本研究介紹了一種新型無尾撲翼微型飛行器（FWMAV）的整體設計與初步實驗驗證。飛行器安裝於雙軸姿態恢復平台上，其撲翼機構融合了拍撲平面（stroke‐plane）調變與翼根（wing‐root）調變兩種常見控制策略的優勢，實現無尾情況下的俯仰與偏航協調操控。為了定量評估動態響應與抗擾能力，飛行器固定在可施加可控俯仰/偏航擾動的雙軸測試平台上，並透過 Vicon® 動作捕捉系統實時捕捉姿態，將測得數據輸入 MATLAB® 中的比例積分微分控制器 (PID 控制器)。控制器輸出經自製脈衝位置調變 (PPM) 生成器轉換後，同步驅動兩台無刷電機與兩個線性伺服機，使拍撲平面與翼根角度精準可調。本研究於控制器設計階段前，先透過實驗建立動態模型，以不同的脈衝寬度調變(PWM) 輸入控制馬達，利用 ATI® Mini40 六軸傳感器和高速攝影機測量垂直推力 (升力) 與拍翼頻率，結果顯示 PWM 輸入與升力呈線性關係。除升力量測外，本研究亦利用高速攝影機進行觀測，建立翼根角度調變之動態模型，並將其整合至飛行器整體動態模型中。初步閉環控制實驗證明，該架構能在俯仰／偏航擾動後迅速恢復穩定姿態。此工作為未來擴展至全三軸自主飛行與無尾撲翼 MAV 的全自主穩定化奠定了基礎。

This work describes the design and initial experimental assessment of a novel tailless flapping‐wing micro aerial vehicle (FWMAV) mounted on a dual‐axis attitude recovery platform. The flapping mechanism combines elements of both stroke‐plane and wing‐root modulations to achieve coordinated pitch and yaw maneuvers without a tail surface. To quantify dynamic performance and disturbance rejection, the MAV is secured on a dual‐axis recovery platform that imposes controlled pitch and yaw perturbations while an eight‐camera Vicon® motion capture system provides real‐time attitude feedback. This data feeds a MATLAB®‐based proportional-integral-derivative (PID) controller, whose outputs are encoded via a custom pulse-position-modulation (PPM) generator to drive two brushless motors and two linear servos—enabling precise stroke‐plane and wing‐root adjustments. Dynamic modelling was performed before the implementation of the controller. Thrust and flapping frequency were measured under varying pulse-width-modulation (PWM) commands for motor speed control, using an ATI® Mini40 load cell and high‐speed videography, revealing a near‐linear PWM‐to‐lift mapping and slight left–right wing asymmetries, which are corrected through calibrated allocation. The dynamic model of the wing-root modulation was also developed and incorporated into the overall dynamic model of the flapping wing platform. Preliminary closed‐loop tests show that the proposed control architecture successfully restores stable attitude following pitch/yaw disturbances. These results establish a foundation for extending the system to full three‐axis stabilization and autonomous flight of tailless flapping‐wing MAVs.

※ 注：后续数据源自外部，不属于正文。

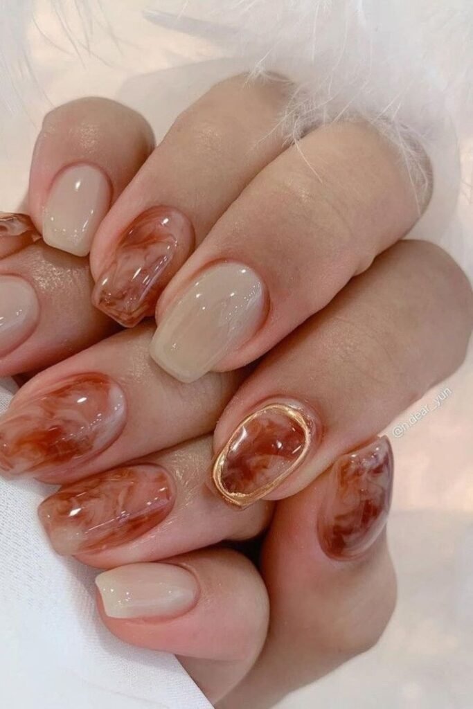 Amber glow marble uses honey-like shades mixed with cream and light brown. The colors flow slowly across the nail, creating a smooth stone effect. This design works well on longer nails and gives a soft shine when finished with gloss. It is popular for fall and winter looks.

[1] H.-V. Phan and H. C. Park, “Insect-inspired, tailless, hover-capable flapping-wing robots: Recent progress, challenges, and future directions,” Progress in Aerospace Sciences, vol. 111, p. 100573, 2019. DOI: 10.1016/j.paerosci.2019.100573.

[2] Shen, T., Tu, Z., Li, D., Kan, zi , & Xiang, jinwu . (2022).AerodynamicCharacteristicsof Bristled Wings in Flapping Flight. Aerospace, 9, 605.

[3] H.-V. Phan, T. Kang, and H. C. Park, “Design and stable flight of a 21 g insect-like tailless flapping wing micro air vehicle with angular rates feedback control,” Bioinspiration & Biomimetics, vol. 12, no. 3, 036006, Apr. 2017.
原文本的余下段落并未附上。